I have done quite a bit of reconfiguring and

customizing now. Will all this be wiped out with new

updates?? and/or if I run the initial config again?

Updates generally haven't and won't change your config files. Running setup however, it depends on the file. Certain files could be wiped out, specifically SA's local.conf, amavisd.conf, the viewer's config file, and the postfix conf files.

There are two options. One is to merge your changes into the templates at /usr/local/etc/conftemplates/ before re-running. The other is always good, which is to make sure to backup your conf before doing a setup, so you could always copy your file back if needed. The best way to do that is by running: backup_conf.

Will a newer release of SpamAssassin be included soon

to make the upgrade to (at least) v3.0104 for the

FuzzyOcr install unnecesary?

I plan to use the latest SA available from ports at the time of the next release.

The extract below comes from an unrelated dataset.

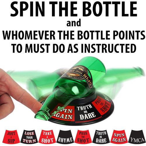 Barbuzzo Spin the Bottle - A Favorite Party Drinking Game - Pour a Pint, Spin the Bottle, and See Where It Lands - Charming Gift for Home Gatherings, Kickbacks, Parties, Tailgates, and Events - Multic

There was talk of getting a proper forum for VA a few

pages ago ... is this still on the cards? (this

thread is impossible to search)

I don't know.

Lastly thanks for a great VA ... you've succeeded in

helping me onto *nix, and introduced me to

SpamAssassin, Postfix, and FreeBSD, all in one shot.

I'm very grateful.

I am glad it has been of help and use!

Telackey -

I finally got it to work. I had to edit amavisd.conf and modify the @mynetworks parameter to include any of the ISP's smtp servers that could possibly forward the message to this VM. It turns out that the networks value in the local.cf file isn't used with Amavisd-new. I like to have never figured that out.

This particular setup isn't my favorite, but the client was a adamant about making sure that e-mails related to orders, invoicing and tech support are in no way filtered. They don't even want them passing through another mail server. The only way for me to accomplish that was to put SV behind their front-end server, and forward from SV to their Exchange Server.

It is different, but I finally got it to work.

Any ETA on new release? Are you talking days or weeks?

Thanks and I cant wait to see the new release, keep the good work.

Any ETA on new release? Are you talking days or

weeks?

Thanks and I cant wait to see the new release, keep

the good work.

Weeks. I have some more work to do on my end and I am hoping to use FreeBSD 6.2-Release, which is currently at RC2.